I found some breeders do get involved with DNA testing, some even list their concern on their websites.
I would only add that breeders and veterinarians might start looking beyond the “common disorders found among a particular cat’s linage and contact their labs. And insist that more DNA sub factors be included on the screening panels.
I know it’s a lot to ask, but, I think we gotta start somewhere.
Many of us already use DNA screening panels such as Optimal Selection, which bundle together pretty much all of the DNA tests available for cats: Optimal Selection™ Feline

However, even though these panels have an impressive looking list of tests, the fact is that MOST disease mutations have simply not been found and therefore cannot be tested. This includes many serious conditions that affect health.

Cryptorchidism would not be anywhere near the top of my "wish list" for researchers to study. It's not a very serious condition compared to many others, and a cryptorchid male can be easily detected and neutered... he's not going to be siring kittens. The neuter surgery is a little more complicated than usual, but after the hidden testicle is found, you can simply remove it and that's that.

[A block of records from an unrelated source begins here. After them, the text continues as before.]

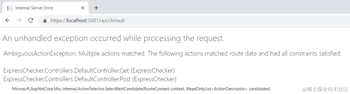 但要注意的是在ASP.NET Core中实现的REST风格的Controller,它不会再根据action方法的名称来匹配谓词,所以存在多个方法时会,那怕对方法进行了命名,但仍然会出现以下错误:
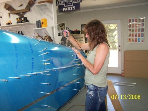Tracy burned and removed the blue plastic from rivet lines
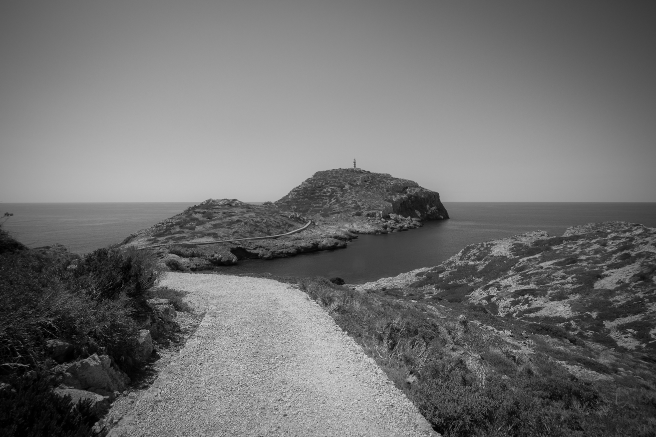 The lighthouse is located next to a cliff on the island of Cabrera. It was built in 1857 according to a project by engineer Emili Pou.
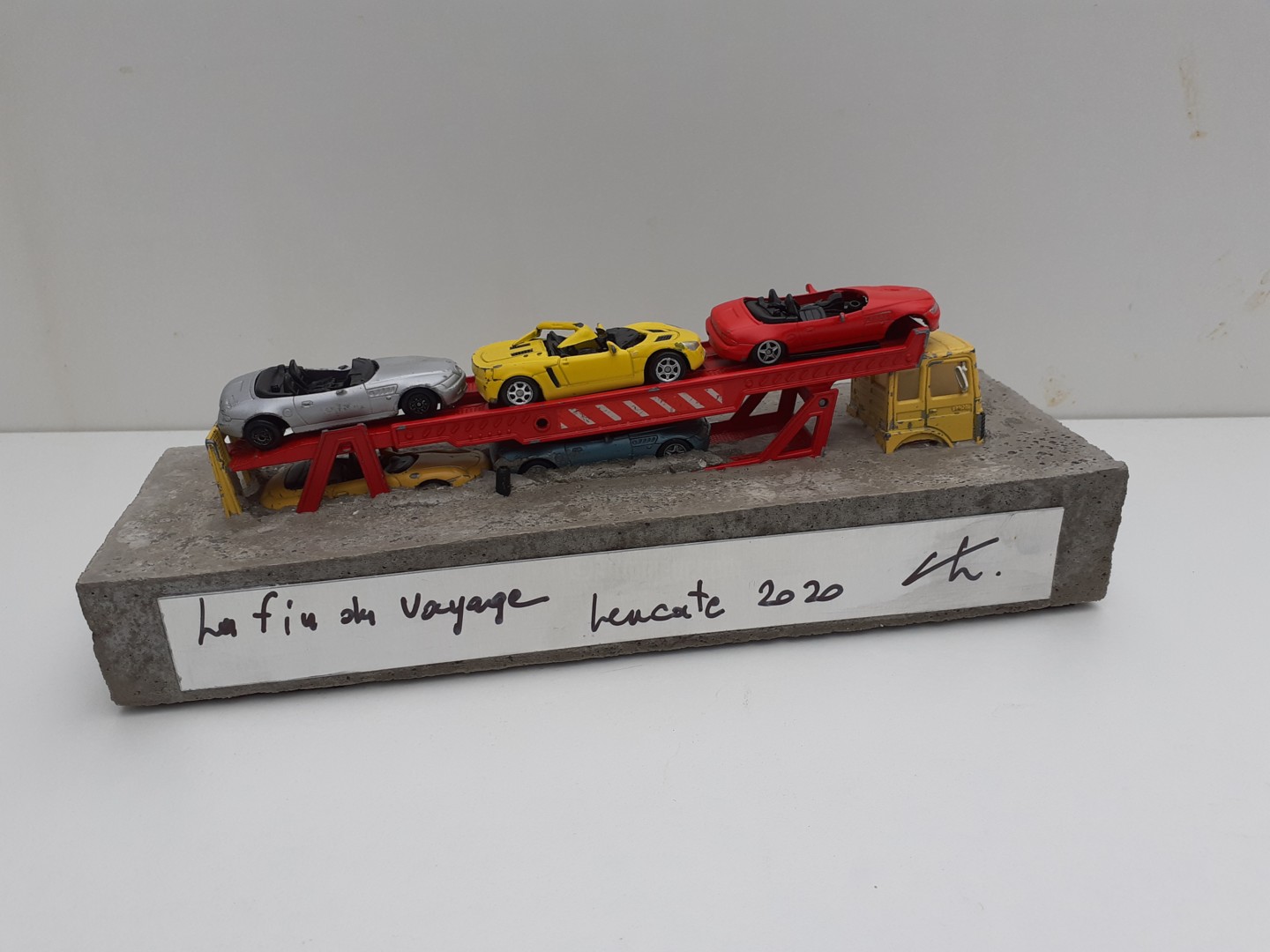 dans le béton : instruments de musique, autos miniatures , modules informatiques.
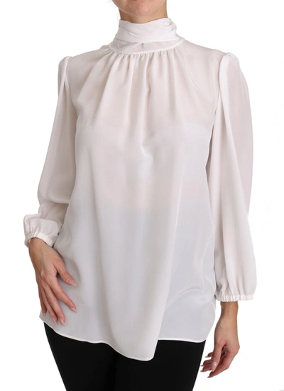 Dolce & Gabbana White Silk Blouse Pussybow Solid Longsleeve Women's Top
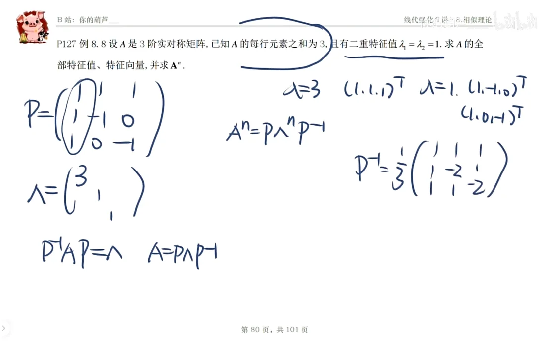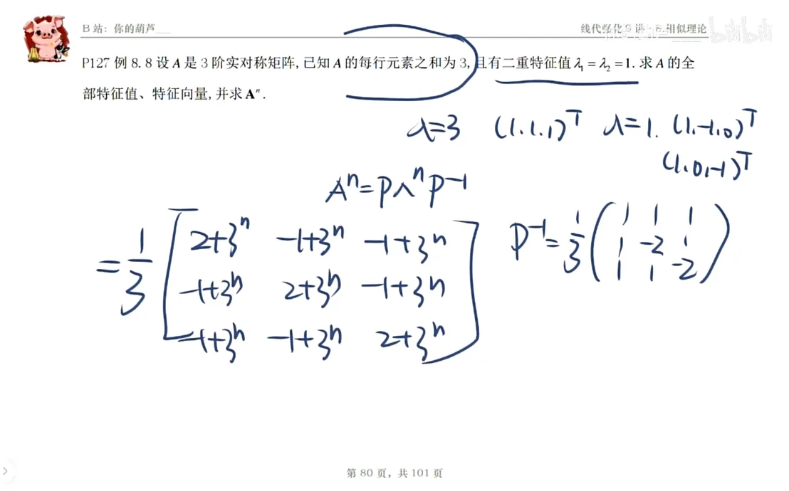 Q:P127 设 是 3 阶实对称矩阵,已知 的每行元素之和为 3,且有二重特征值 . 求 的全部特征值、特征向量,并求 .
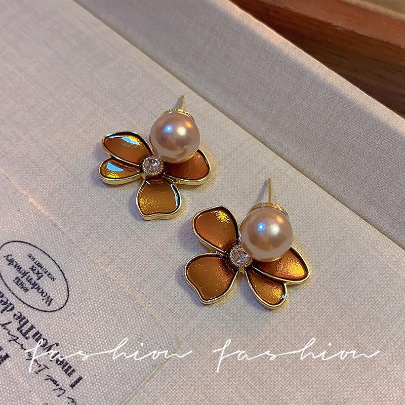 French flowing gold flower pearl earrings 2025 new temperament light luxury high-end stud earrings popular earrings
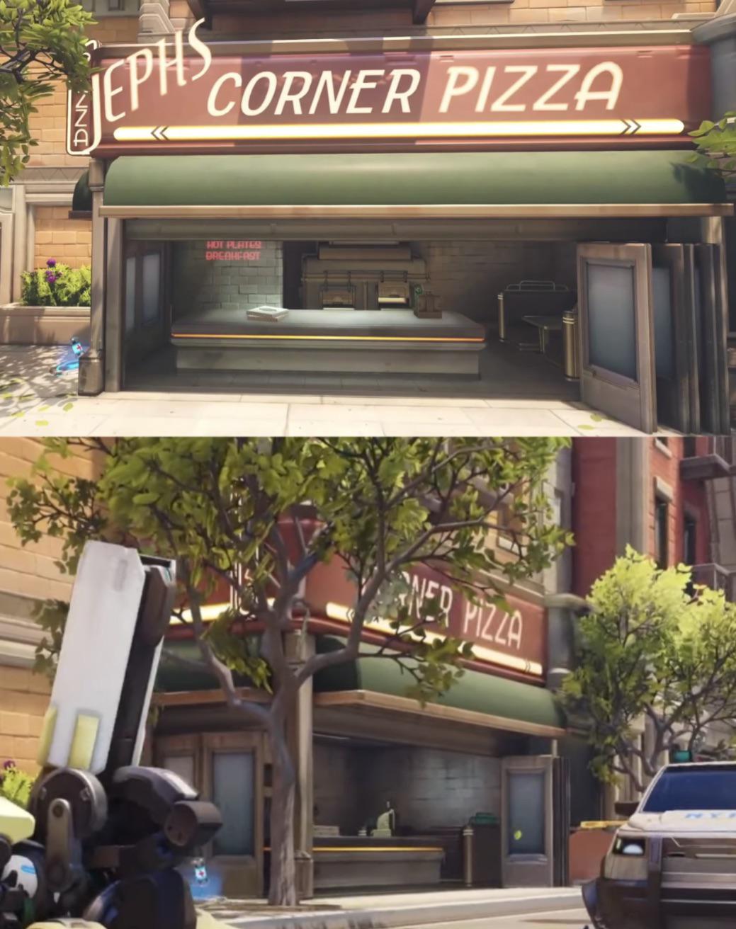 En el transcurso de la retransmisión y mientras se jugaba la final de la Overwatch League, se realizó una partida de exhibición en el mapa de Nueva York, novedad de Overwatch 2. El usuario CeeLo38 de Reddit se percató rápidamente de un cambio en el mapa de lo que anteriormente pudimos ver, y no es más que la eliminación de la referencia a Jeff Kaplan (anterior Director de Overwatch) en el cartel de una pizzería, tal y como se muestra en la imagen.
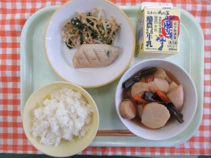 今日の献立は、ごはん、鰆の幽庵焼き、いり大豆和え、おでん、牛乳です。
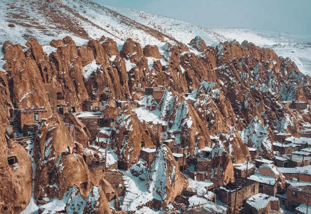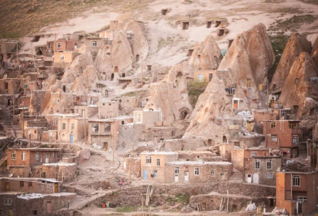 Местные жители называют эти многоуровневые пещеры «караан», и они торчат из склонов горы Сехенд, словно гигантский пчелиный улей, созданный природой и доработанный человеком.
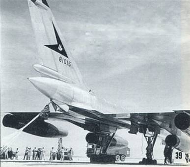 Но угроза, создаваемая дозвуковыми тяжелыми бомбардировщиками и самолетами- ракетоносцами, казалась американским военным руководителям уже недостаточной. С 1953 г. началось государственное финансирование программы сверхзвукового среднего стратегического бомбардировщика В-58 «Хастлер», а в следующем году — сверхзвукового тяжелого стратегического бомбардировщика В-70 «Валькирия». И если последний так и остался всего лишь «пугалом» для советского военно-промышленного комплекса, то «Хастлер» уже в 1959 г. стал поступать на вооружение эскадрилий Стратегического Авиационного Командования ВВС США.
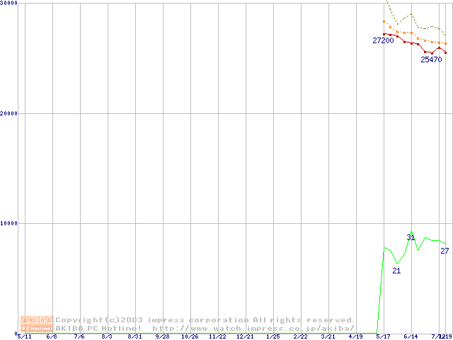 Socket 478 (micro-PGA,FSB 800MHz,L2 512KB,Hyper-Threading,Northwood)の最安値推移

Let's compare with, for example, HCM (hypertrophic cardiomyopathy). HCM cannot be detected in a young adult cat without going to a specialist vet for an expensive ultrasound (and often cannot be detected in a young cat at all), so a stud male might sire many kittens as a young adult, before suddenly being discovered to have a serious heart condition that will then affect many of his kittens. He may even have grandchildren and great grandchildren before his condition is detected. This can spread heart problems far and wide through the breed's gene pool. A genetic test stops this cycle. So, this is the sort of health condition that is more important to study.